One classic difficult case is the game of Go. In the United States it’s called Go, which is a very common English word, and it’s impossible to find on Twitter. So if you started with that as your filtering mechanism, you would not end up with a conversation about the game of Go. What we end up doing in cases like this is using techniques of text analysis to refine and refine and refine it until we get to the conversation we are looking for. So in the case of Go, we add “stones”, “queue” and other words associated with Go, and then we start getting a corpus of tweets about the game. Once you’ve done that, you make sure you address the sentiment model to the kinds of conversations people would have in that domain. A sentiment model that’s not trained on the conversation you’re looking for is typically going to be somewhat unreliable, and as a data scientist, I often recommend that we don’t take a generic plus, minus, neutral sentiment and try to predict things with it. Partly it’s an approach. I think we need to put a lot of pressure on data scientists to be very careful that we are answering the question that we are supposed to be answering.

Could you talk about some of the challenges you think data science is going to face in the future? How do you see the complexity increasing in the data science profession?

Hendrickson: Well that’s probably two or three dimensions. At a high level I think that there are the big data challenges which are velocity and scale. There’s over a billion Tweets every two days—so it’s a lot of tweets coming through and that’s hard to handle. There are set of technologies growing through a discipline that we’re calling 'big data engineering' or 'big data architecture'—things that are helping build up scaleable technologies for the large side. 

The second kind would be more of the model-building and the amount of computing power that we have, plus the evolution of techniques over the last few years, which has enabled all kinds of amazing results from recommendation engines. And then there’s predictive analytics, and you know there are so many amazing things happening on that side.

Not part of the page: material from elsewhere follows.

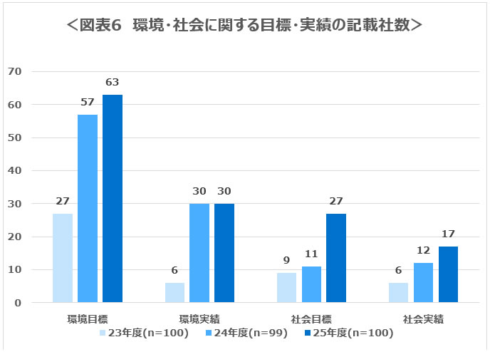 結果を図表6に示す。環境関連の目標を開示している企業数は63社、環境関連の実績を開示している企業数は30社であり、2024年度と同程度の水準であった。他方、社会関連の目標を開示した企業数は27社、社会関連の実績を開示した企業数は17社であり、2023年度から2年連続で開示企業数が増加していた。環境関連の目標としては、再生可能エネルギーの利用率や水使用量が見られた。社会関連の目標としては、人権デュー・ディリジェンスの実施拠点数やコンプライアンス関連の重大事案数等が見られた。食品業界の企業であれば健康増進にかかる指標、保険業界であればWell-beingに資する商品の契約件数など、自社の業種と関連した指標を設定するケースも見られた。開示の形式としては、目標・実績とマテリアリティの対応関係を表形式で整理する例が散見された。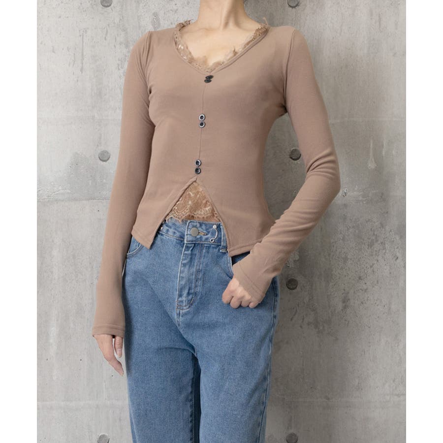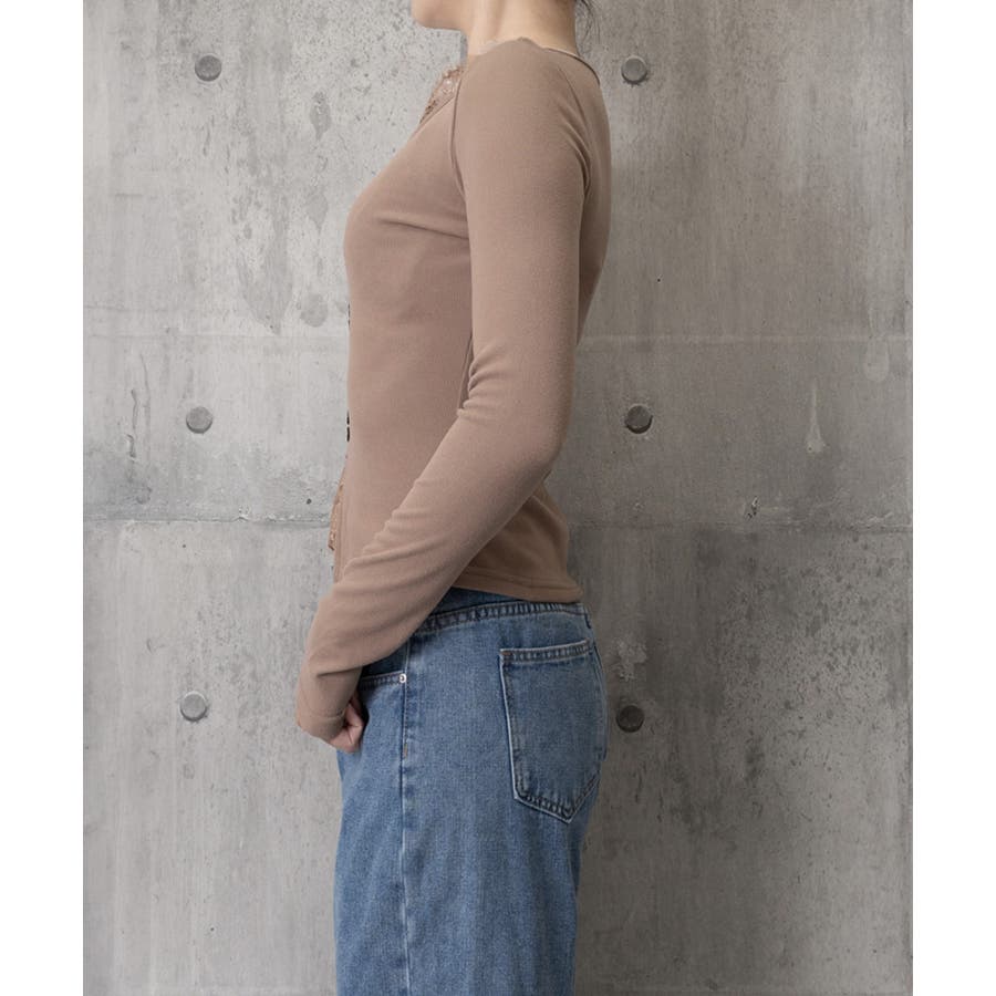 フェミニンなレースデザインがポイントの長袖カットソー。

I think the other thing you’re bringing up is there really is a need for the profession to take seriously the concerns of doing the work well, and having integrity around knowing the pitfalls and avoiding them. Doing the work for good is also very important—doing the data science work in the service of things that build society.

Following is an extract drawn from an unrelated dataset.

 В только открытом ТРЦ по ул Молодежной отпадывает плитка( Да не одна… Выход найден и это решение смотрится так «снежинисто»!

Twitter users behave in a certain way, and I presume you can analyze all that behavior in a very concrete manner. But the profiles of the users themselves are a bit of a black box, right? I mean, you don’t know if a certain segment of users is already a customer of, let’s say, Brand X or Y. Do you have any way of segmenting the users themselves, of finding out any information about the users, maybe an anonymous way, that helps you segment them?

Hendrickson: So those are usually solutions that the company implements—not Twitter—and that’s partly about permission and explicit customer expectations. We’re very careful with the customer experience and not creating any unpleasant surprises, so in each case we require that the customer gives permission for connecting their personal data to any other internal personal data. And so you will see this happening very successfully in some places, where during the log-in experience you’re asked if you’re connecting your Twitter handle to Acme Widgets’ campaign—whoever Acme Widgets is—and in those cases there are some amazing customer experiences happening.

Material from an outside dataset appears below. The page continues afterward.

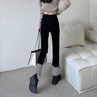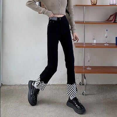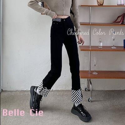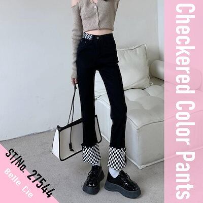 チェッカー ブロックチェック ロングパンツ パンツ パンツ レディース 配色 バンド ダンス 衣装 ストレッチ デザインパンツ オールシーズン

Truscello: To add to that, quite often the major brands spend a lot of money in primary research, and they have this perspective of their customers that are defined by a certain profile. There are different ways to think about this, depending on your need. But we do spend a lot of time there too. I think the conversational analysis is where there are a lot of ah-hahs and unknowns about your customer base that you can now get because they’re out there actively talking about those things everyday—whether they mention the brand or product specifically often doesn’t matter. What’s the more interesting is that they’re talking about the category of your product—you can discover a lot from there.